Task goal
Pictures aside, output each record exactly.

-------

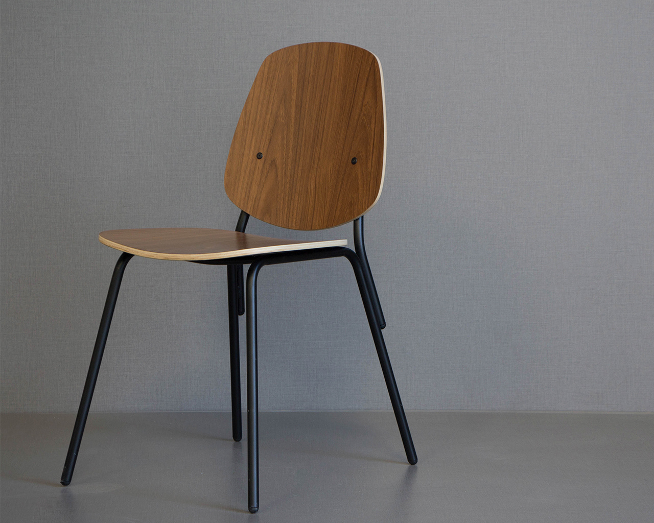 La silla Aula es un diseño que buscar rescatar el lenguaje de la silla escolar como también los procesos productivos involucrados en ella, para componer una nueva variante de uso residencial, logrando en esta interpretación un diseño ligero de carácter armonioso y orgánico que integra en su forma la simpleza y esbeltez del metal curvado con la nobleza y calidez visual de la madera laminada.
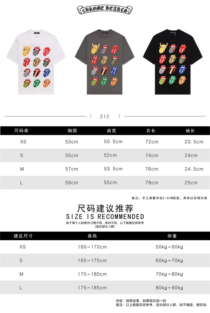 クロムハーツメンズホワイトクルーネック半袖Tシャツh86
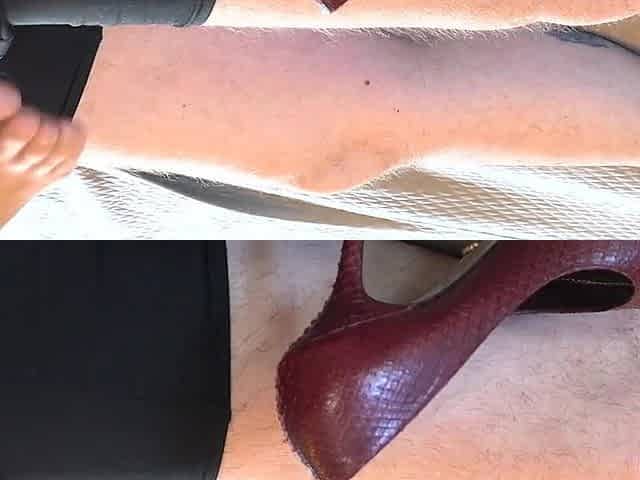 Sexy Secretary with Perfect Legs N Feet Giving the Boss a Footjob - Ends with Lots of Cum in Her Red High Heels - Business-bitch
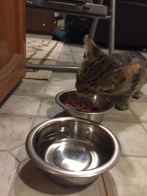 ▼這隻小貓身上沒有項圈,還拼命喵喵叫,被欽點的剷屎官只好認命跑到附近的商店,買了一些貓咪用品和貓糧,果然小虎斑貓一看到就開始大快朵頤。
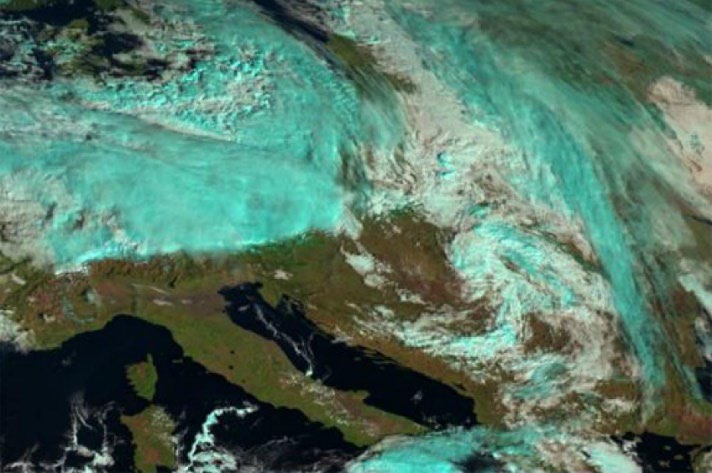 Fig. 16. Imagine Meteosat 8 RGB a maselor de aer - 7 ianuarie 2005 22:00 UTC [1]
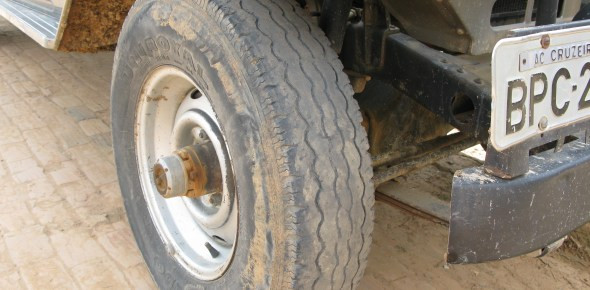 Ja, bie uns schauten aus dem Reifen auch die Drähte raus. Aber da es hier sowieso keine Polizei gibt, bzw. die besseres zu tun hat als sich um die 40 Autos in Envira zu kümmern, ist das kein Problem. Das Paradoxe an der Sache mit den Reifen ist ja auch, dass ein Satz Reifen in Envira 600 BRL (240 Euro) kostet, in Manaus aber nur 300 BRL (120 Euro). Und nach Bolivien (wenn mich nicht alles irrt) könnte man relativ kostengünstig mit Fähre und dann Autofahrt kommen und dort einen Satz Reifen für 200 BRL (80 Euro!) kaufen… Aber da es dort gerade wohl Bürgerkrieg ist, kann man nciht rüber, und hier kann man das Auto auch nicht entbehren. Wenn man die Reifen aber in Manaus kauft, dauert es sehr lange bis sie hier ankommen… Aber 600 BRL zum hier kaufen sind einfach zu teuer
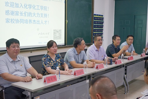 杨乃涛向家长详细介绍了化工公司的办学历史、学科与专业、团队力量、人才培养、员工教育管理服务等情况,着重对公司各专业的发展前景及员工的考研与就业进行了讲解。
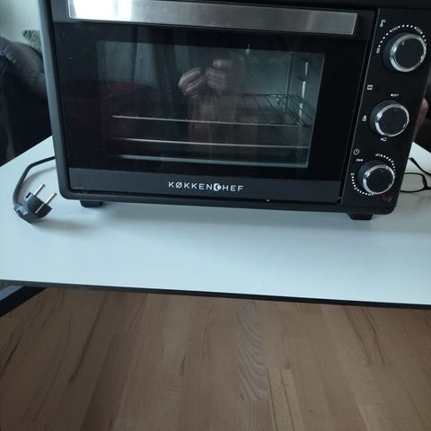 Elektrisk bordovn med keramisk kogeplade med to kogeplader. Ovnen har en ovnrist og en bageplade i metal. Velegnet til madlavning og bagning i mindre køkkener eller som ekstra ovn.
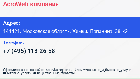 AcroWeb, компания по адресу 141421, Московская область, Химки, Папанина, 38 к2 в дальнейшем Организация, размещена в следующих категориях:
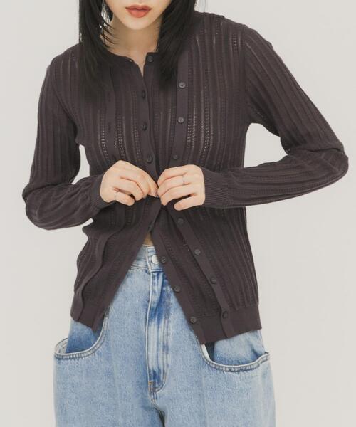 【透かし編みデザインがポイントのダブルフロントニット】 コットンレース調のような透かし編みがポイントになったニット。前開き仕様ですが、前立てが2つ付いているデザインになっており、フロント釦を留めた状態でサイドの前立てを留めるとウエストがシェイプされます。着こなしにより表情が変わり、ワイドボトムとも相性抜群な1着です。 【2026 Spring/Summer】【26SS】 総重量 : 約200g ※商品画像は、光の当たり具合やパソコンなどの閲覧環境により、実際の色味と異なって見える場合がございます。予めご了承ください。 ※商品の色味の目安は、商品単体の画像をご参照ください。 ▼お気に入り登録のおすすめ▼ お気に入り登録された商品は、マイページにて現在の価格情報や在庫状況の確認が可能です。 お買い物リストの管理にぜひご利用ください。 素材感 透け感 : あり 伸縮性 : あり 裏地 : なし 光沢 : なし ポケット : なし One
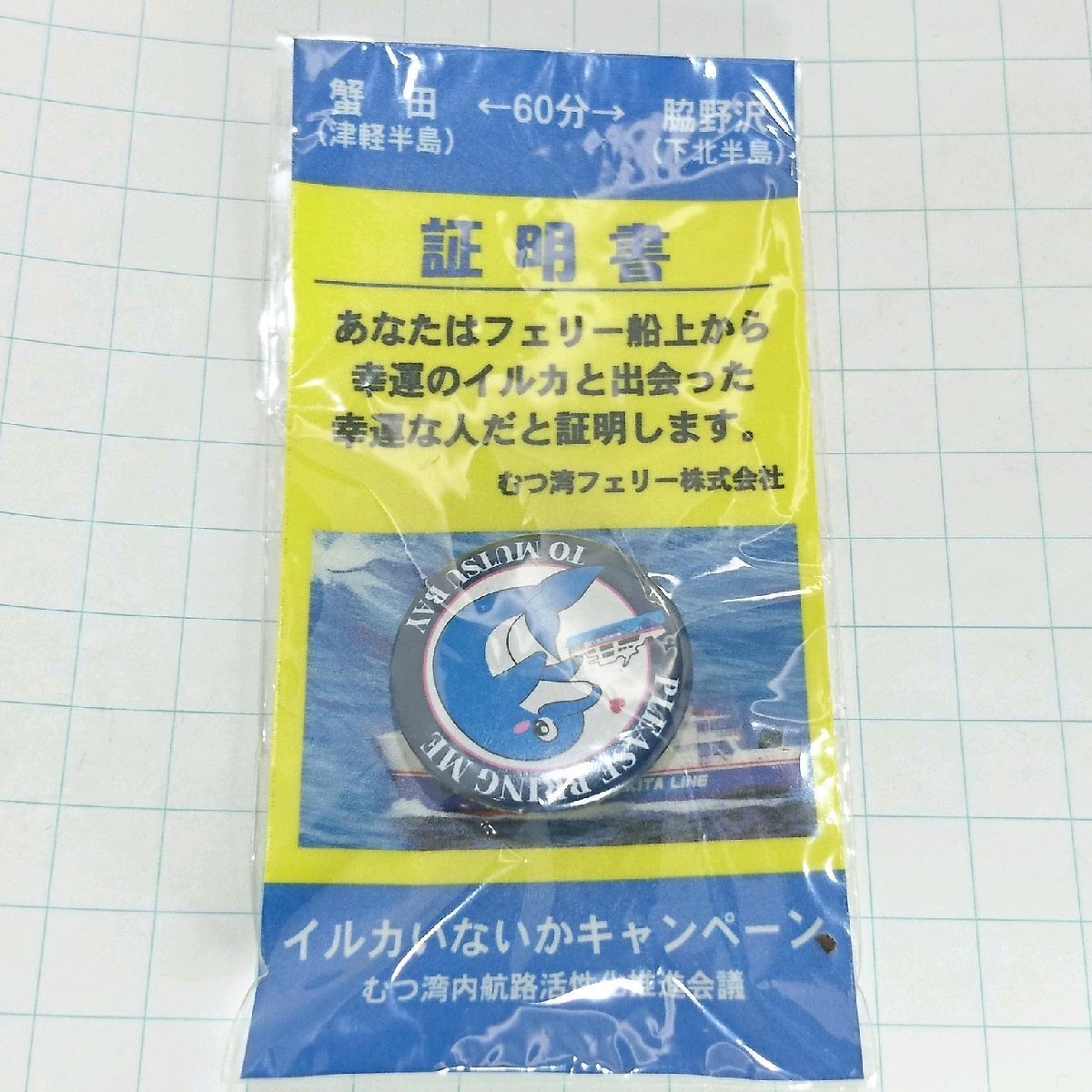 送料無料)未使用 むつ湾フェリー イルカ 缶バッジ 山登り 観光 旅行 記念 山バッジ ピンバッジ PINS ピンズ A24420

-------

Solution
 La silla Aula es un diseño que buscar rescatar el lenguaje de la silla escolar como también los procesos productivos involucrados en ella, para componer una nueva variante de uso residencial, logrando en esta interpretación un diseño ligero de carácter armonioso y orgánico que integra en su forma la simpleza y esbeltez del metal curvado con la nobleza y calidez visual de la madera laminada.
 クロムハーツメンズホワイトクルーネック半袖Tシャツh86
 Sexy Secretary with Perfect Legs N Feet Giving the Boss a Footjob - Ends with Lots of Cum in Her Red High Heels - Business-bitch
 ▼這隻小貓身上沒有項圈,還拼命喵喵叫,被欽點的剷屎官只好認命跑到附近的商店,買了一些貓咪用品和貓糧,果然小虎斑貓一看到就開始大快朵頤。
 Fig. 16. Imagine Meteosat 8 RGB a maselor de aer - 7 ianuarie 2005 22:00 UTC [1]
 Ja, bie uns schauten aus dem Reifen auch die Drähte raus. Aber da es hier sowieso keine Polizei gibt, bzw. die besseres zu tun hat als sich um die 40 Autos in Envira zu kümmern, ist das kein Problem. Das Paradoxe an der Sache mit den Reifen ist ja auch, dass ein Satz Reifen in Envira 600 BRL (240 Euro) kostet, in Manaus aber nur 300 BRL (120 Euro). Und nach Bolivien (wenn mich nicht alles irrt) könnte man relativ kostengünstig mit Fähre und dann Autofahrt kommen und dort einen Satz Reifen für 200 BRL (80 Euro!) kaufen… Aber da es dort gerade wohl Bürgerkrieg ist, kann man nciht rüber, und hier kann man das Auto auch nicht entbehren. Wenn man die Reifen aber in Manaus kauft, dauert es sehr lange bis sie hier ankommen… Aber 600 BRL zum hier kaufen sind einfach zu teuer
 杨乃涛向家长详细介绍了化工公司的办学历史、学科与专业、团队力量、人才培养、员工教育管理服务等情况,着重对公司各专业的发展前景及员工的考研与就业进行了讲解。
 Elektrisk bordovn med keramisk kogeplade med to kogeplader. Ovnen har en ovnrist og en bageplade i metal. Velegnet til madlavning og bagning i mindre køkkener eller som ekstra ovn.
 AcroWeb, компания по адресу 141421, Московская область, Химки, Папанина, 38 к2 в дальнейшем Организация, размещена в следующих категориях:
 【透かし編みデザインがポイントのダブルフロントニット】 コットンレース調のような透かし編みがポイントになったニット。前開き仕様ですが、前立てが2つ付いているデザインになっており、フロント釦を留めた状態でサイドの前立てを留めるとウエストがシェイプされます。着こなしにより表情が変わり、ワイドボトムとも相性抜群な1着です。 【2026 Spring/Summer】【26SS】 総重量 : 約200g ※商品画像は、光の当たり具合やパソコンなどの閲覧環境により、実際の色味と異なって見える場合がございます。予めご了承ください。 ※商品の色味の目安は、商品単体の画像をご参照ください。 ▼お気に入り登録のおすすめ▼ お気に入り登録された商品は、マイページにて現在の価格情報や在庫状況の確認が可能です。 お買い物リストの管理にぜひご利用ください。 素材感 透け感 : あり 伸縮性 : あり 裏地 : なし 光沢 : なし ポケット : なし One
 送料無料)未使用 むつ湾フェリー イルカ 缶バッジ 山登り 観光 旅行 記念 山バッジ ピンバッジ PINS ピンズ A24420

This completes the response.